Nobody watching the women as they made their way toward the JW Marriott Hotel that January night in 2009 would have known that, not long ago, they had been living on the streets, addicted and homeless.
“I preferred to eat food out of trash cans and save my money for drugs,” Elaine said. She had spent 10 years sitting at a bus stop, passing out and coming to — no clean clothes, no bath for days, sometimes months.
Emily would say she felt so down, she couldn’t see up. She didn’t realize that deep inside her a light was still on, and that someday, someone would see it.
Yet here they were, heading to the ball with their hair done and nails painted, about to step into history, sensing but not completely knowing that the ball this night would change their lives forever.
This was one party they did not want to be late for.

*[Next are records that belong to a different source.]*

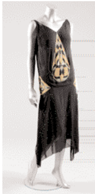
Fig 20. Lot 122. A rare and important Madeleine Vionnet evening gown, model 4113, Spring-Summer, 1925, of black crêpe romain, with Lesage embroidered droplet shaped motif to central bodice worked in silver strip and copper beads, the hips with similar, more rounded motifs, the hem falling in points at each side, bust 86cm, 34in. £50,000. Kerry Taylor Auctions. Hammer Price.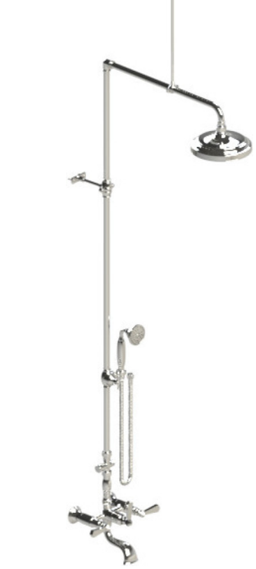
WALL MOUNT TUB AND SHOWER WITH HAND HELD SHOWER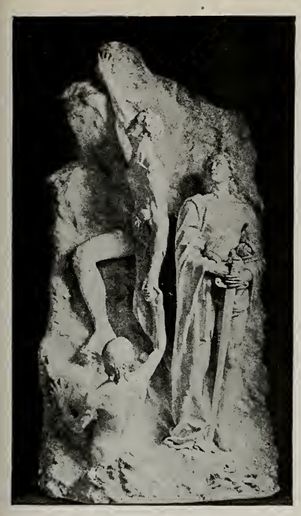
"THE TWO AMBITIONS."

"The Worker" is a powerful and suggestive creation. It is a figure that commands respect and to us represents the ideal worker-strong and masterful and with a mind that can think. In referring to this work Mr. Stone has written the following descriptive lines: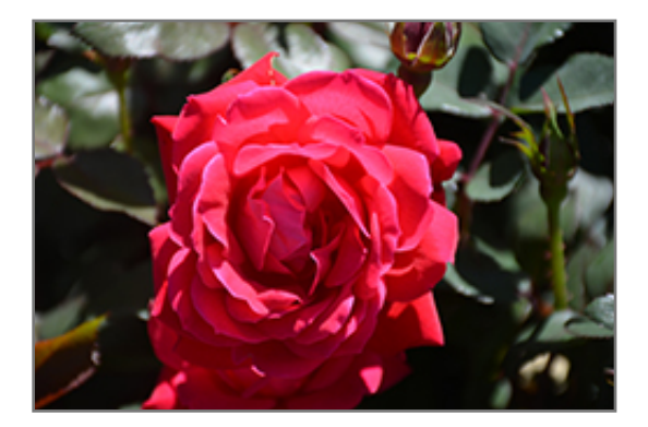
Knock Out Rose flowers

Knock Out Rose is a multi-stemmed deciduous shrub with a more or less rounded form. Its average texture blends into the landscape, but can be balanced by one or two finer or coarser trees or shrubs for an effective composition.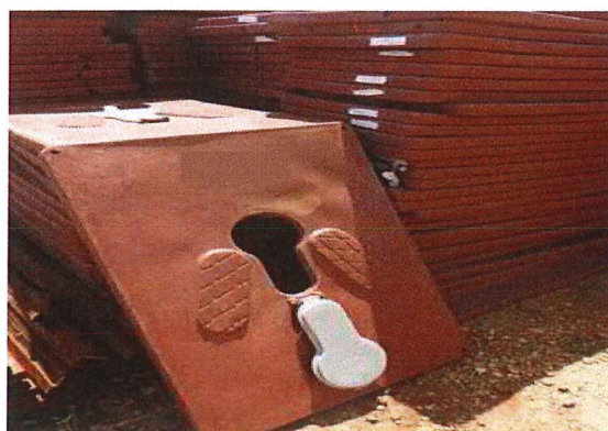
Plastic slab image 2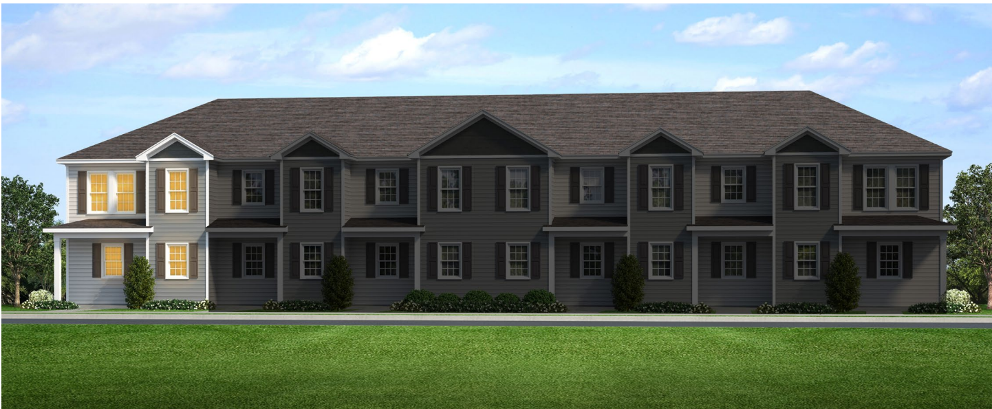
BUILDING A WITHOUT STONE | SHANNON A

THE SHANNON • 1,447 SQ. FT. | 3 BEDS | 2.5 BATHS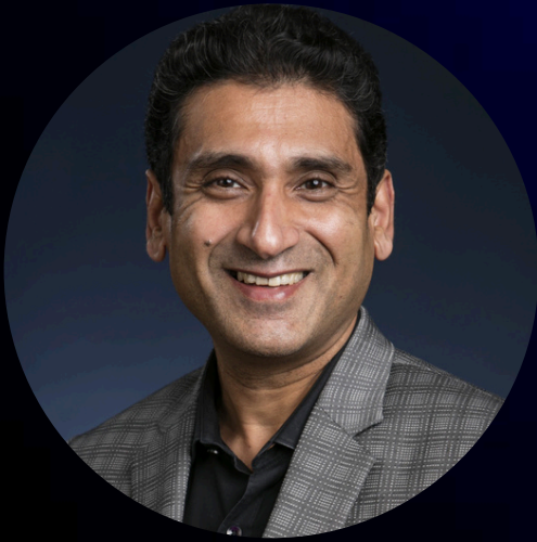
Dwight F. Benton Professor and Associate Dean Ross School of Business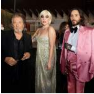
Al Pacino, Lady Gaga and Jared Leto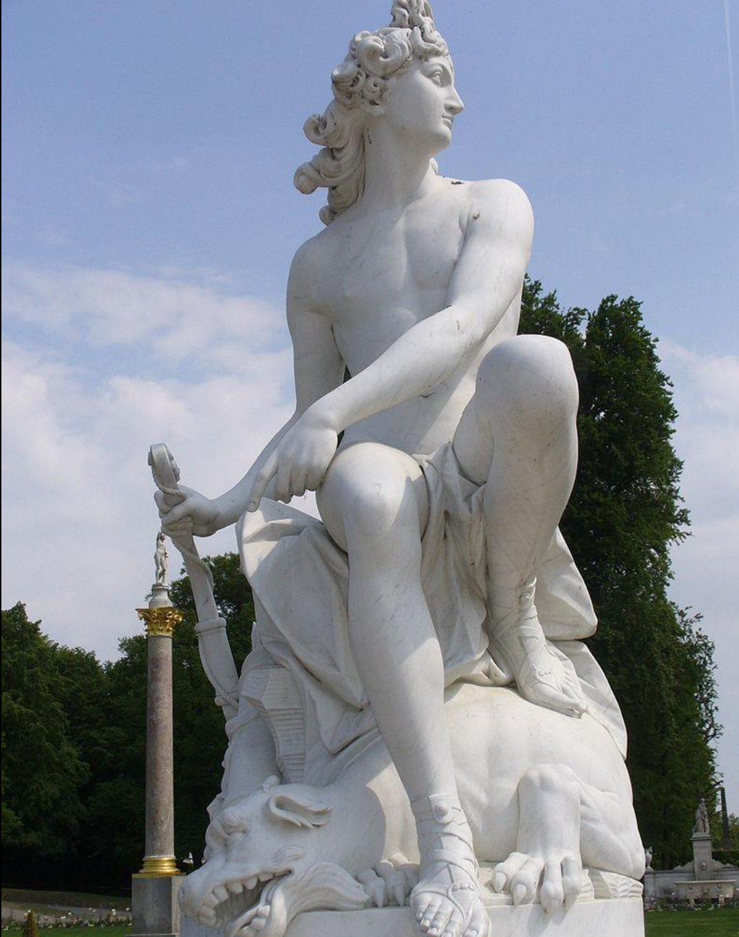
File:7003.Apollo mit dem getöteten Python(1752)-François Gaspard Adam-Große Fontäne-Sanssouci Steffen Heilfort.JPG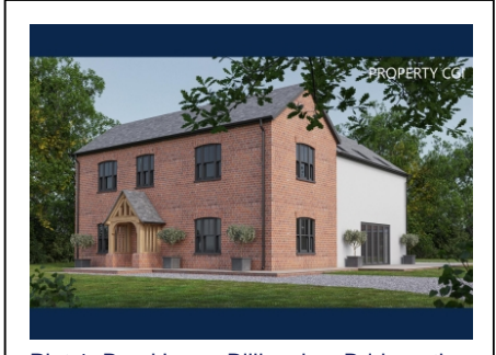
Plot 1, Bynd Lane, Billingsley, Bridgnorth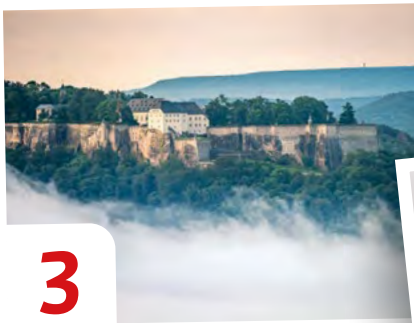
Conquer the castle Königstein on foot

“Hurry,” Emily said to Elaine. “I feel like Cinderella.”
***
At the Marriott on Pennsylvania Avenue NW, the host of the ball, Fairfax County philanthropist Earl W. Stafford, waited in a black tuxedo. About two weeks before, the millionaire had sold Unitech, a simulation technology company he had founded in 1988, to Lockheed Martin for an undisclosed amount.
The deal had been stressful, but now he could turn his attention to what he believed he was meant to do in life: help the disadvantaged, the homeless, the dying, the wounded, the disabled. People overlooked by society. The son of a part-time Baptist minister and a man of deep faith himself, he had set up the Stafford Foundation, a Christian nonprofit group, in 2002 and now could focus on it.
The inspiration to throw the ball had come during the 2008 primaries before he knew Obama would be president.
“I ... bought the presidential suite at the Hay-Adams six months ahead of time because I thought I would have some underserved homeless there to watch the parade, have some food and go home,” he said. But something told him that would be too little.
So, he paid $2 million for hotel rooms, transportation, food, gowns and tuxes, and invited 450 for a night beyond their most outlandish dreams.
In 1972, MIT scientist Edward Lorenz presented a paper titled “Predictability: Does the Flap of a Butterfly’s Wings in Brazil Set Off a Tornado in Texas?” in which he asked whether a small catalyst could lead to a bigger change.